I was asked recently what kind of approach to take when one needs to display large volumes to data to a user in a linear manner. In particular, what if you had millions of records (or even just hundreds, same concepts apply!), and for whatever reason, needed to allow the user to be able to scroll through these. I have handled this before using some well traveled patterns so I thought it would be useful to put it down as a short article and share the knowledge.
When dealing with anything more than a screenful of data, we need to consider how to present this data to the user. How will the user see the data and how can they navigate it? Clearly, anything more than a screens worth of data is too much for the poor human eye to take in at once and process with accuracy, so we need to implement some system of managing things behind the scenes. These basic concepts work the same for web as they do on desktop as they do on mobile (and perhaps other interfaces we haven't encountered yet!). This article looks at these (which you may know already nut have not thought too much about) and gives some examples and things to look out for.
Core Concept 1 - tracking user position
When a user requests data, they do it from a particular point of view, or position. The position taken, depends on the perspective and context of the data. Some examples:
- Facebook feed
- When you load up Facebook, depending on the underlying algorithms, you are presented with the latest posts of your friends, showing the most recent at the top of the page. The starting position here, is the last time perhaps that you logged in, or looked at this particular friends feed.

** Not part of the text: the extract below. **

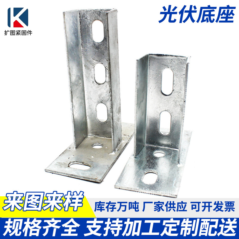 光伏底座免焊接抗震底座热镀锌c型钢开口底座连接件光伏支架配件
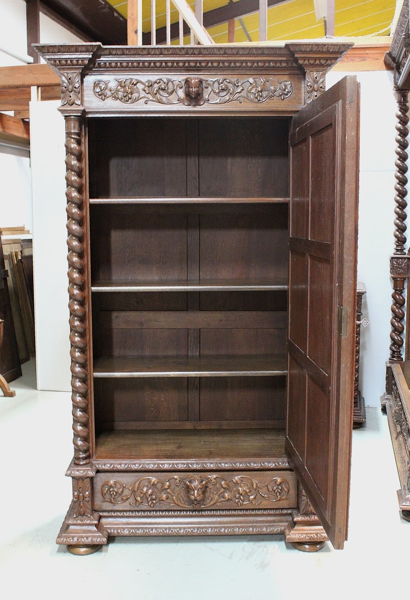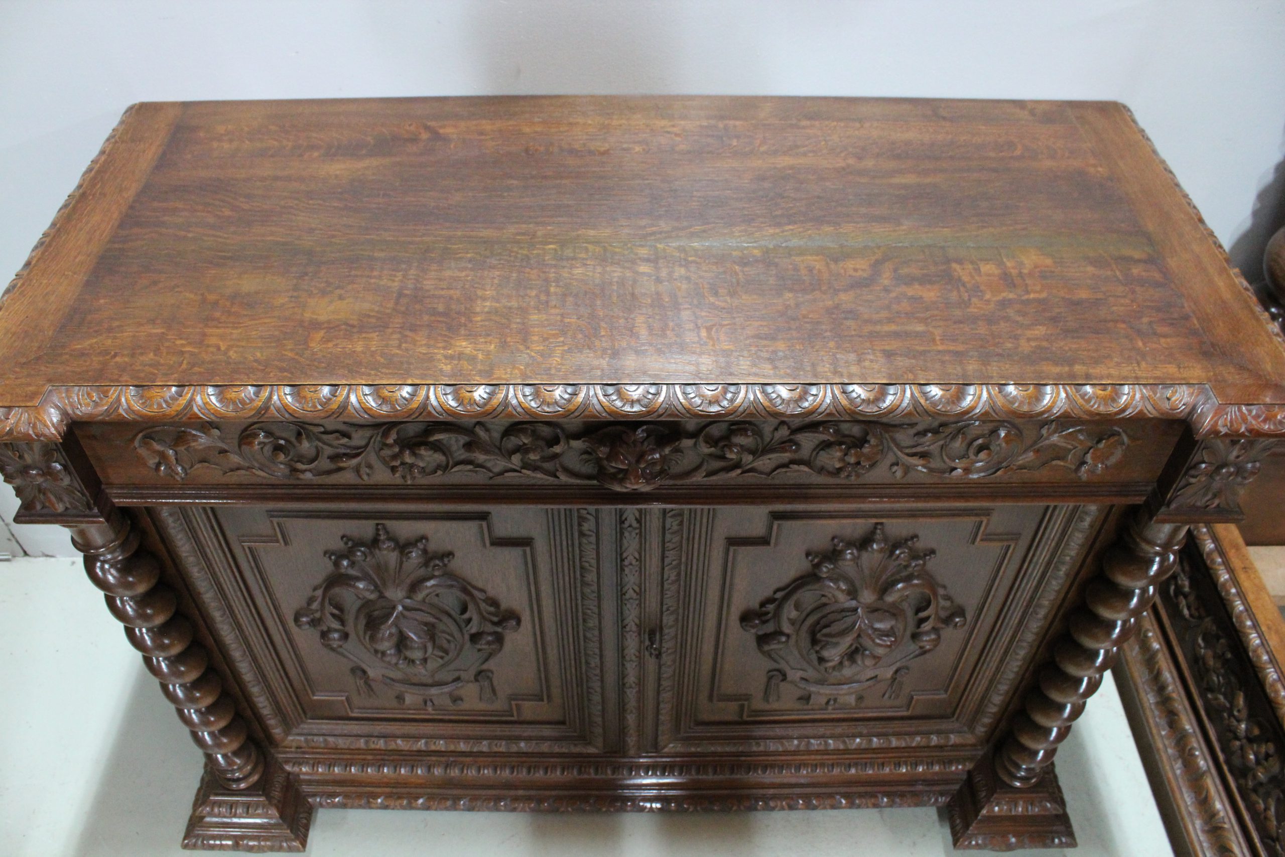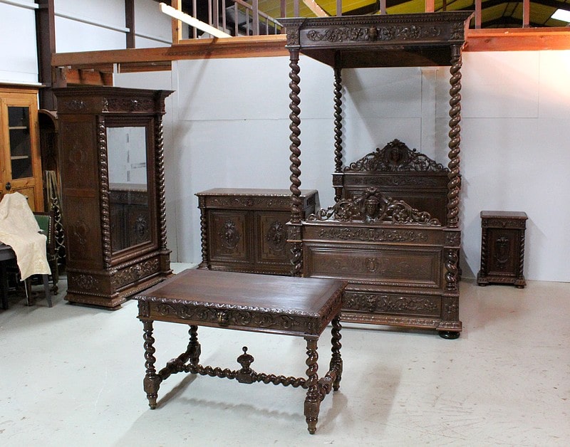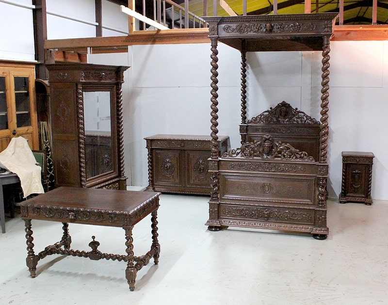 Ensemble important d’une chambre de style Louis XIII en chêne richement sculpté de rinceaux feuillagés, de masques de personnages, de grotesques ainsi que de cartouches ornés de fruits.

- CodeProject front page (1)
- After you land on the CodeProject homepage, you see 'Latest articles'. These are presented to you in a liner fashion. showing one featured article at the top, and then the ten latest article/tips. The starting position here, is the top ten articles published just before the time you logged in.
- CodeProject front page (2)
- When you get to the front page and you see the title bar, you notice, oh, I can filter this list of articles by clicking a button indicating a particular technology type. Currently available at time of writing for example are Android, C#, C++ etc.... When you click on one of the buttons, a filter is applied, and now, the starting position has changed to be not from all articles, but a subset of articles of a particular type.
With the above examples, we can see that the perspective of where the user stands in relation to the data they want to see, and we want to present to them, can be variable. Therefore a critical part of presenting large amounts of data to a user is understanding and tracking their user position relevant and in context to the overall dataset we are dealing with.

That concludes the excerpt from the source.